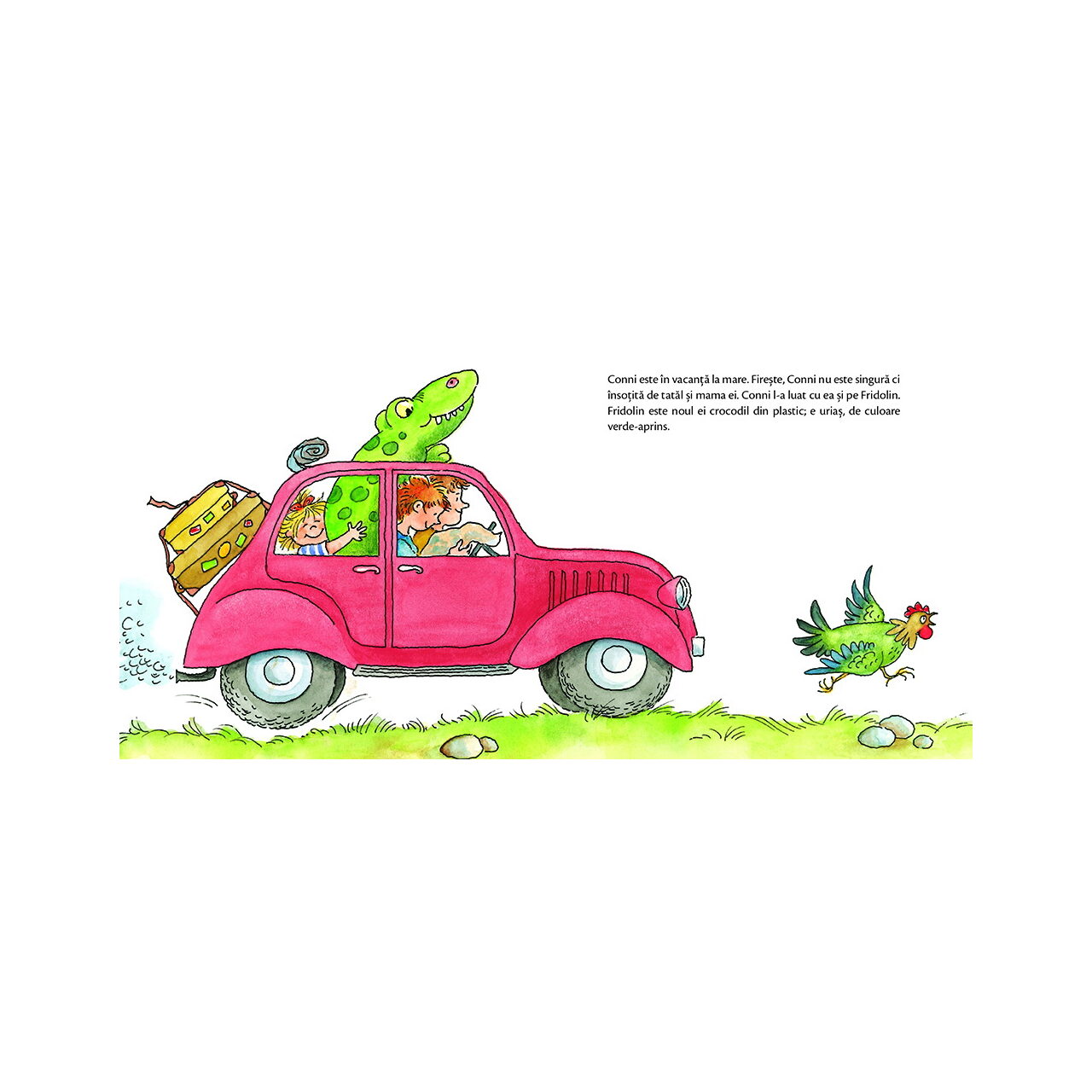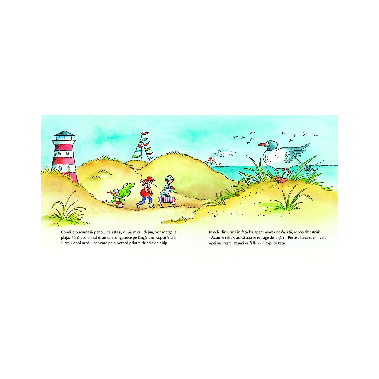 Conni este în vacanță la mare. Desigur, Conni nu merge singură la plajă, ci însoțită de mama și tata. Și de crocodilul ei mare și verde, din plastic, Fridolin.
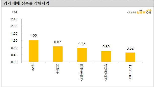 -경기는 전주대비 0.35%의 변동률을 기록하면서 지난주 상승폭(0.33%)과 유사하다. 광명(1.22%), 남양주(0.87%), 안양 동안구(0.78%), 성남 중원구(0.60%), 용인 기흥구(0.52%)가 강세를 보였고, 하락 지역은 없다.
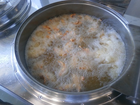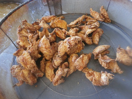 鶏肉につけて、高温で揚げます。カラッと揚がった
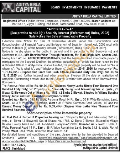 Short description of the immovable property: All That Part & Parcel of Properties bearing no.: "Property Being Land Measuring 242 sq. yrds., (1 Biswa 12 Biswansi) Out of Khasra No. 1783, (2 Bigha 2 Biswa), Situated in Village Baselva Colony, Tehsil and Dist. Faridabad, Harayana-121002. Bounded As: North: 59.6 Ft. Wide, Personal Road 14 Ft., East: 36 Ft Wide Remaining Land, South: 61.3 ft. Wide, Plot of Pradip, West: 36 Ft Wide, Common Road Gali no. 14"
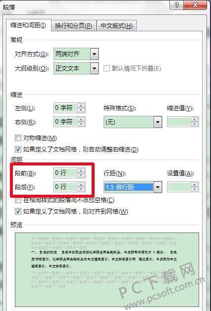 3、之后就会打开段落设置的窗口,可以分别对段落前后间距和段落中的行距进行设置,设置完成后点击下方的“确定”。
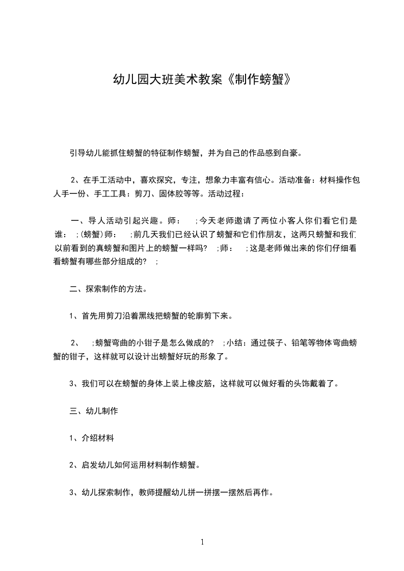 1.引导幼儿能抓住螃蟹的特征制作螃蟹,并为自己的作品感到自豪。
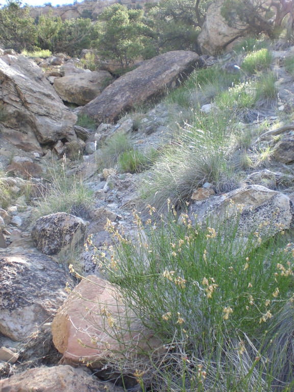 Gullied hills, washes, and talus under cliffs; in seleniferous clayey, silty, or sandy soils. (Spackman et al. 1997). Asociated plant community: Pinus edulis, Juniperus osteosperma, Cercocarpus montanus. Additional associated plant species: Cercocarpus montanus, Chrysothamnus vicidiflorus, Atriplex confertifolia, Purshia tridentata, P. stansburiana, Sarcobatus vermiculatus, Artemisia ludoviciana, Bouteloua curtipendula, Opuntia phaeocantha, Elymus elymoides, Petradaria pumila, Physaria acutifolia, Senecio multilobatus, Erysimum capitatum, Hymenopappus filifolius, Haplopappus armerioides, Lepidium montanum, Oryzopsis hymenoides, Astragalus lonchocarpus, Chaetopappa ericoides, Poa secunda, Hilaria jamesii, Castilleja chromosa, Astragalus flavus, Erigeron pumilus, Hymenoxys richardsonii, H. acaulis, Senecio multilobatus, Castilleja seabrida, C. linarifolia, Pediomelum megalanthum, Gutierrezia sarothrae, Astragalus wetherillii, Schoenocrambe linifolia, Townsendia incana, Astragalus eastwoodiae, Heterotheca villosa.
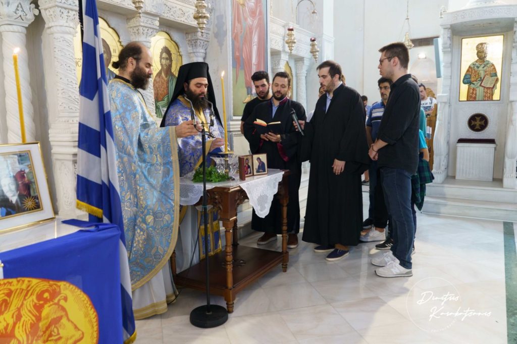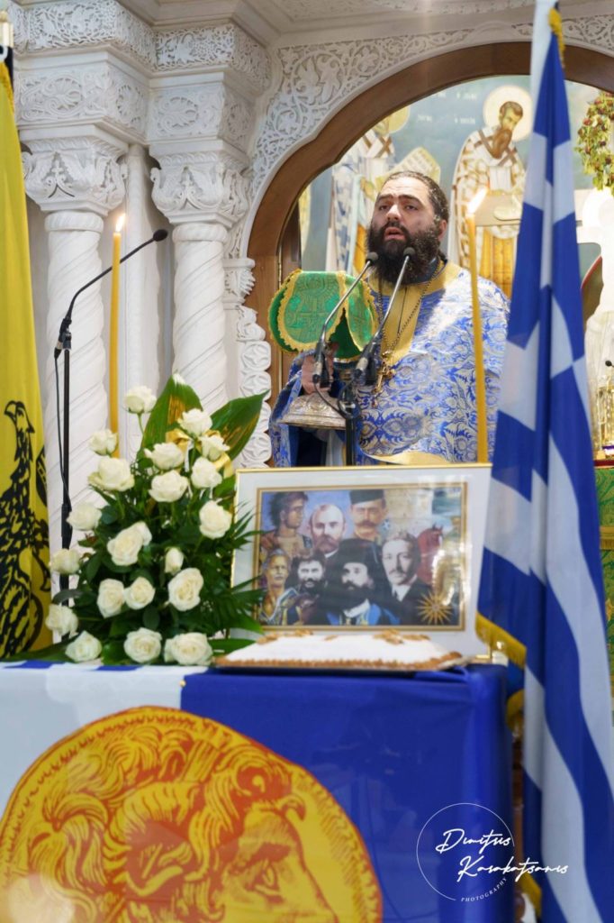 Στο λόγο του ο Αρχιμανδρίτης π. Μακάριος, λόγω της σημερινής άληστου μνήμης ημέρας δεν ανέλυσε την Ευαγγελική Περικοπή άλλα μίλησε περιεκτικά για τον ένδοξο αιματηρό αγώνα και τις ηρωικες μορφες των Επισκοπών Γερμανου Καραβαγγέλη και Ιωακείμ του Γ, του Παύλου Μελά, του Ίωνα Δραγούμη, του Καπετάν Άγρα και Ράμναλη και άλλων πρωταγωνιστων του Μακεδονικού Αγώνα.
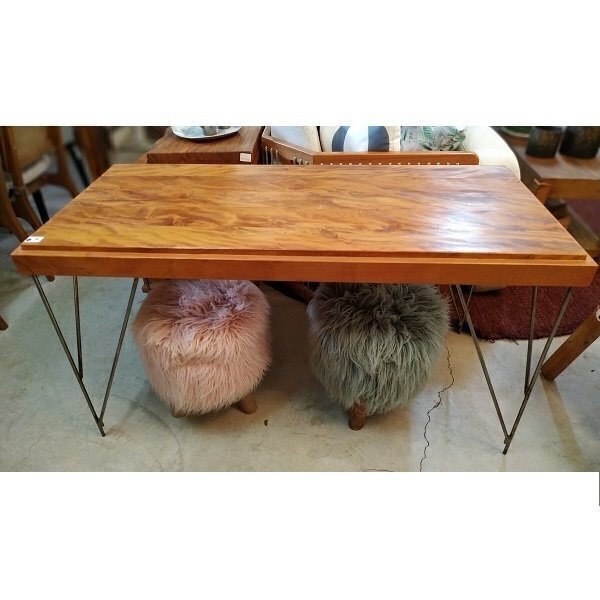 Escrivaninha de Peroba Rosa Maquinada Pés de Ferro Escovado
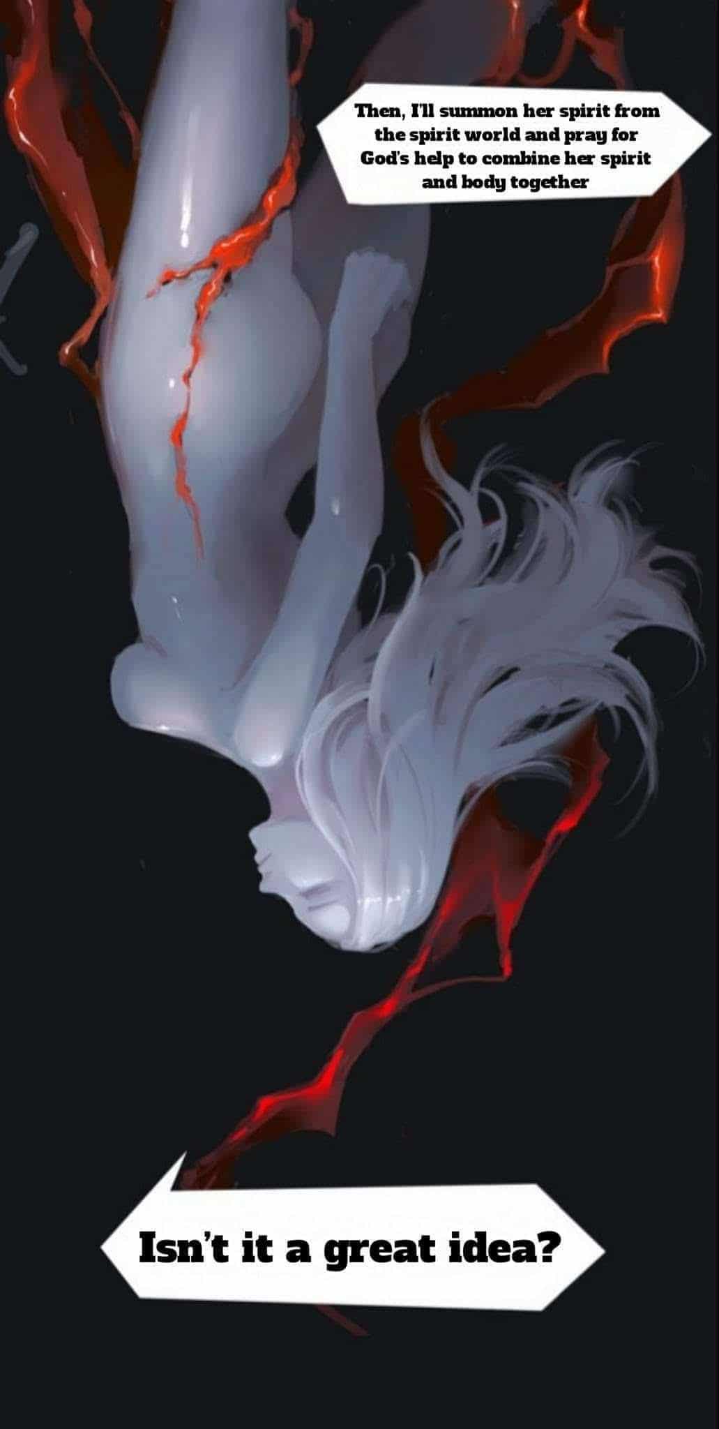 “ثم، سأستدعي روحها من عالم الأرواح وأصلي من أجل مساعدة الإله على الجمع بين روحها وجسدها معًا.”

YOUR GOAL: Restate word for word the lines of the data above that begin at the line with "-경기는 전주대비 0.35%의" and end at the line with "鶏肉につけて、高温で揚げます。カラッと揚がった", keeping both ends and dropping every picture.

THE COMPLETED TASK:
 -경기는 전주대비 0.35%의 변동률을 기록하면서 지난주 상승폭(0.33%)과 유사하다. 광명(1.22%), 남양주(0.87%), 안양 동안구(0.78%), 성남 중원구(0.60%), 용인 기흥구(0.52%)가 강세를 보였고, 하락 지역은 없다.
 鶏肉につけて、高温で揚げます。カラッと揚がった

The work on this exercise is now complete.